Bürgereinfluss auf EU Ebene: bis dato nur theoretisch
Im Juni 2021 verpflichtete sich die Kommission, die von 1,4 Millionen Menschen unterzeichnete EBI “End the Cage Age“ umzusetzen. Sie zielt darauf ab, 300 Millionen Tiere in der EU aus der Käfighaltung zu befreien. Ein wichtiger Schritt, um den Green Deal umzusetzen. Auch das Europäische Parlament hat dazu eine unterstützende Resolution mit großer Mehrheit verabschiedet. Und tatsächlich wurde zunächst geliefert: Die wohl weltweit umfassendste Reform für mehr Tierwohl für Nutztiere wurde ausgearbeitet und konkret umsetzbare Gesetzesvorschläge liegen vor.

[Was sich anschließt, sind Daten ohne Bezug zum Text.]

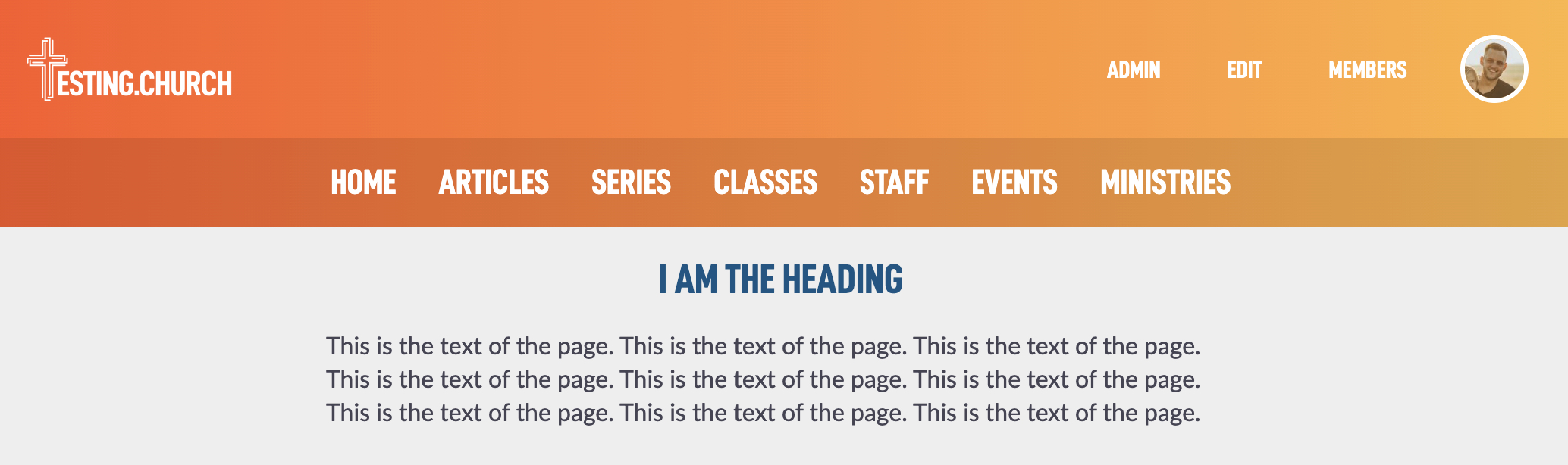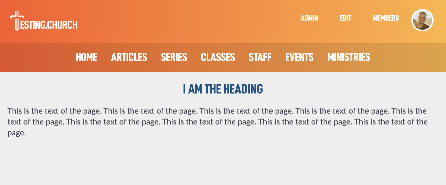 Now hit < Page Content in the top left because we need to go add a new section above our Text.

Doch in ihrer Rede zur Lage der EU hat Kommissionspräsidentin Ursula von der Leyen dieses wichtige Thema mit keinem Wort erwähnt. Was hat die Kommission dazu gebracht, ihre Haltung zu ändern? Waren es die 17 Verbände der Fleischindustrie, mit denen sich der zuständige Kommissar getroffen hat?
Die Bürgerinnen und Bürger verlieren das Vertrauen in eine europäische Demokratie, wenn diese es nicht schafft, wichtige Gemeinwohl-Anliegen gegen die Profitinteressen einer Lobby durchzusetzen. Ohne eine wirkungsvolle EBI verliert die EU die Organisationskraft, die Mobilisierungsfähigkeit und das Zusammengehörigkeitsgefühl, die allesamt entstehen, wenn Menschen sich per Bürgerinitiative gemeinsam für ein Anliegen einsetzen.

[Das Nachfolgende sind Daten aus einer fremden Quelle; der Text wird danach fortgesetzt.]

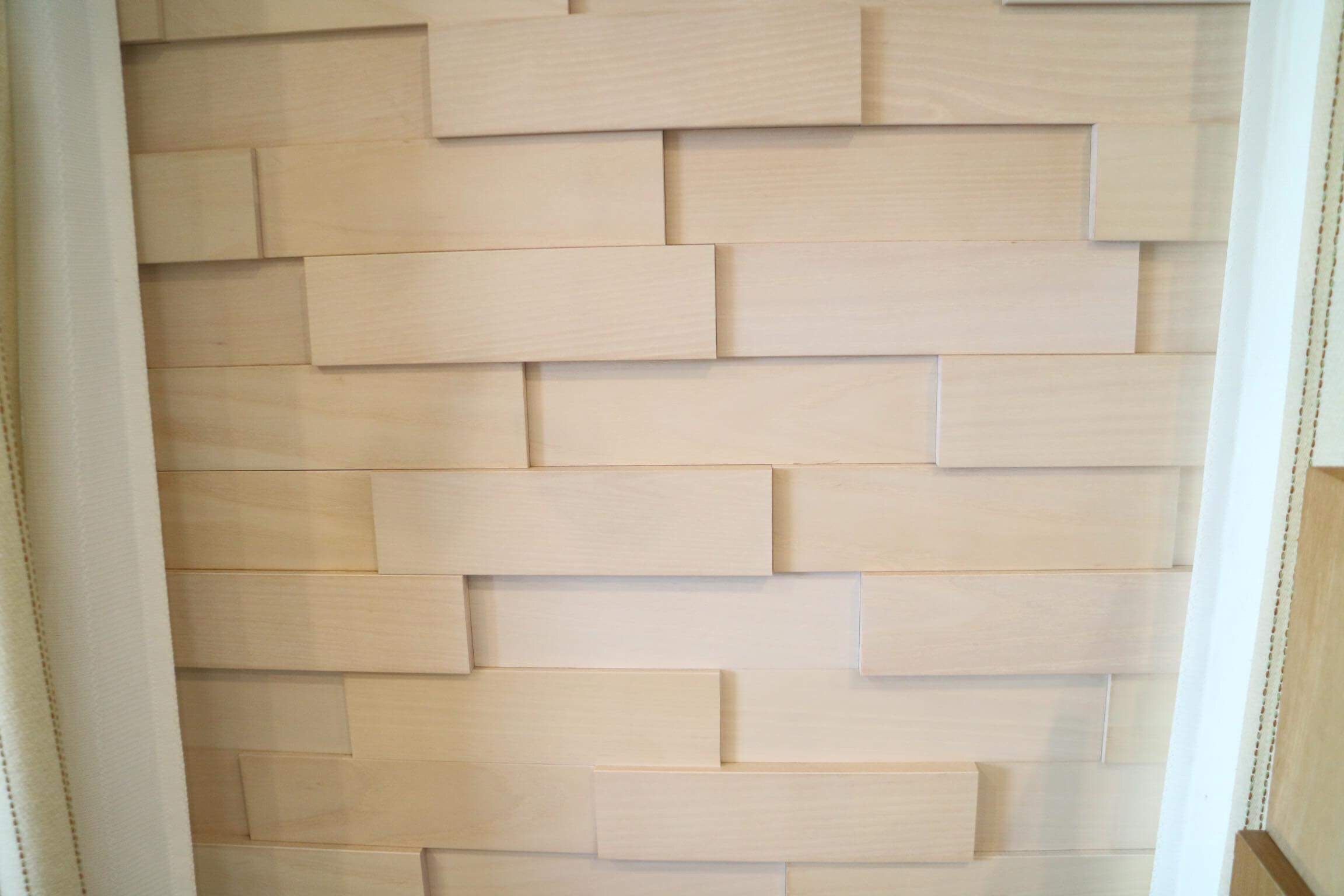 玄関から入ってすぐ見えるレンガ調の壁も、

Demokratie braucht wirkungsvolle Kanäle der Beteiligung
Die EU darf keine Demokratie ohne aktive Bürgerschaft bleiben. Eine funktionierende Demokratie braucht notwendigerweise eine starke Verankerung bei den Bürgerinnen und Bürgern! Es braucht wirkungsvolle Kanäle der Beteiligung.
Deshalb fordern wir zusammen mit anderen Organisationen die EU-Kommission in einem offenen Brief auf, dieses fatale Signal zurückzunehmen und die Gesetzesvorschläge zur EBI “End the Cage Age“ umzusetzen. Die Kommission muss ihre Verpflichtung zur Beendigung der Käfighaltung einhalten und die entsprechenden Gesetze wieder auf die Agenda setzen. Sonst steht die Glaubwürdigkeit der europäischen Bürgerinitiative auf dem Spiel.